Closed jpeddicord closed 6 years ago
Would you be open to (possibly mentoring) an external contribution for this task?
@Phrohdoh Sure! Give me a little bit to flesh out this issue description (a lot of these issues I initially filed as "notes to self" and their descriptions kinda suck) -- I have a scrappy collection of license files I was originally testing with locally and have a rough idea of a way this could proceed.
@Phrohdoh I clarified the description a bit. If you're still interested in this, I'd recommend playing around with Store
as a starting point: have it load a cache file (or load from the SPDX directory; see cli/build.rs
for an example of that) and get it to identify a license. examples/basic.rs
has some of that as well. The documentation sucks (sorry) but the types involved should be relatively easy to figure out.
I opened up a Gitter room at https://gitter.im/amzn/askalono if you want to ping me for help; you may need to @ me as I'm not entirely sure I've configured notifications correctly 🙃
Great, thanks!
I will take a stab at this over the upcoming weekend.

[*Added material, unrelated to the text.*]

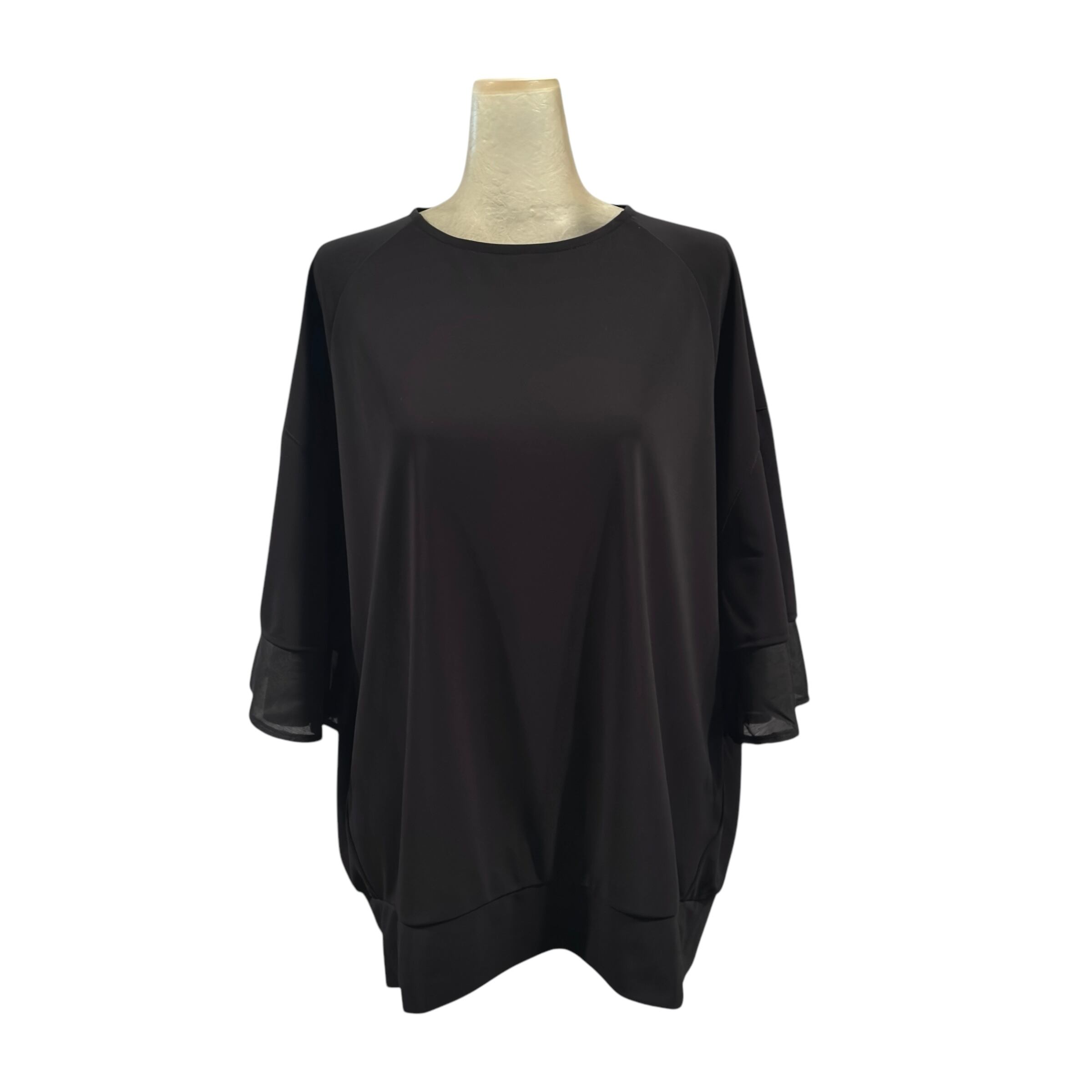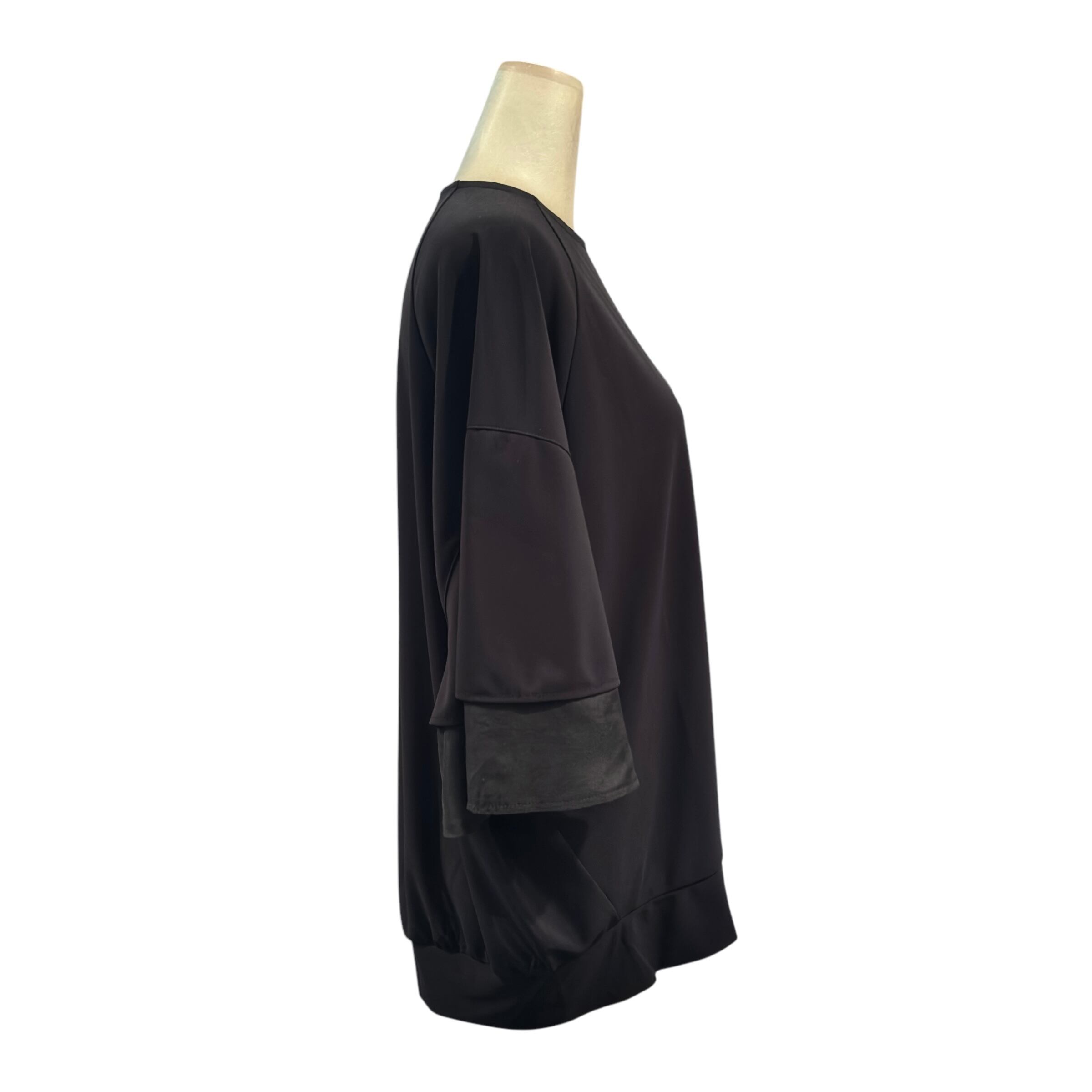 PUPULA(ププラ) スムースファブリック シフォントリム ラグランスリーブ プルオーバー【レディースファッション 30代 40代 50代 60代】

@Phrohdoh no rush, but let me know if you'd like any extra help here. If you want, feel free to PR the code you showed on Gitter and we can iterate from there.
I've set up the remainder of this infrastructure:
https://github.com/amzn/askalono/blob/master/tests/real_world.rs
This builds on @Phrohdoh's initial work and crawls a directory, parsing out expected license names and thresholds to test licenses in a flexible manner. While I definitely want to add more licenses to this test dataset, I think we can consider this issue resolved. :)
I'd like to set up some tests that verify that askalono doesn't regress on its ability to identify licenses. Basically, a directory of license files named/sorted according to their actual license. askalono runs on them, identifies them, and verifies it got the answer right.
Possible implementation
Another layout for this is perfectly acceptable; this could also be set up with some metadata files describing what a file should be identified as, with what confidence, etc. That may be overkill for the time being.